Advancing Personalised Pain Management
The EVA™ Sensing Technology enhances Saluda’s flagship Evoke® System, the first closed-loop spinal cord stimulation device capable of real-time monitoring and response to neural signals. By automating previously manual programming steps and objectively analysing spinal cord activity, EVA™ delivers therapy tailored to each patient’s unique physiology. This innovation promises to reduce clinical guesswork and improve patient outcomes in managing chronic pain.
Commercial Rollout and Market Impact
Saluda plans a limited commercial release of EVA™ in Europe and Australia starting in the first quarter of 2026, with a full commercial launch to follow later in the year. This timeline aligns with the company’s internal expectations and builds on positive clinical results published in leading medical journals. The expansion into these new markets not only broadens Saluda’s geographic footprint but also reinforces its position as an innovator in neuromodulation therapy.

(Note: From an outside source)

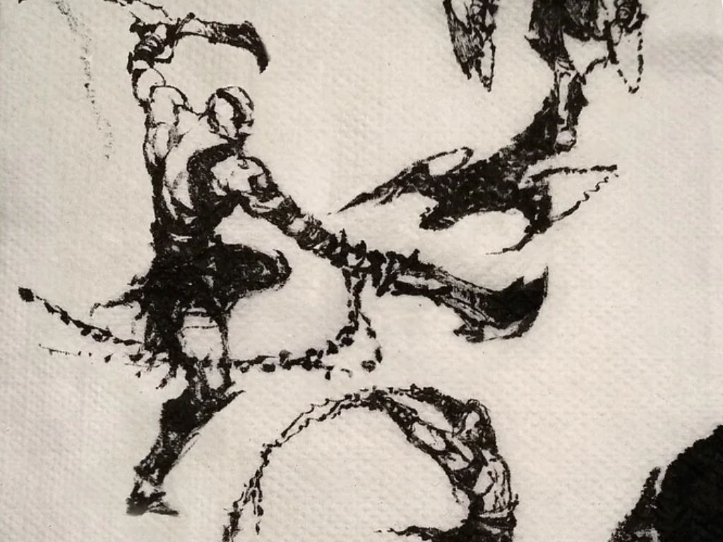 Jaffe keek één keer naar de asgrauwe gestalte van Kratos op het vel papier en besloot dat dit het uiteindelijke ontwerp van de Ghost of Sparta zou worden.

Expert Endorsements and Clinical Validation
Medical experts, including Dr. Harold Nijhuis from the Antonius Hospital in the Netherlands, have praised EVA™ for delivering objective neural metrics that correlate with maximum pain relief. The technology also streamlines programming, enhancing efficiency for clinicians and improving the overall patient experience. These endorsements underscore the potential for EVA™ to set a new standard in personalised chronic pain treatment.
Looking Ahead
While the regulatory approvals mark a critical step forward, the true test will be how quickly and effectively Saluda can penetrate these new markets and translate technological innovation into commercial success. Investors and industry watchers will be keen to monitor sales uptake and any further regulatory developments as the rollout progresses.
Bottom Line?
Saluda’s CE approval for EVA™ opens new markets, but commercial traction will define its next chapter.
Questions in the middle?
- How rapidly will Saluda scale EVA™ adoption across Europe and Australia?
- What competitive responses might emerge in the neuromodulation device market?
- Will further regulatory approvals in other regions follow soon after?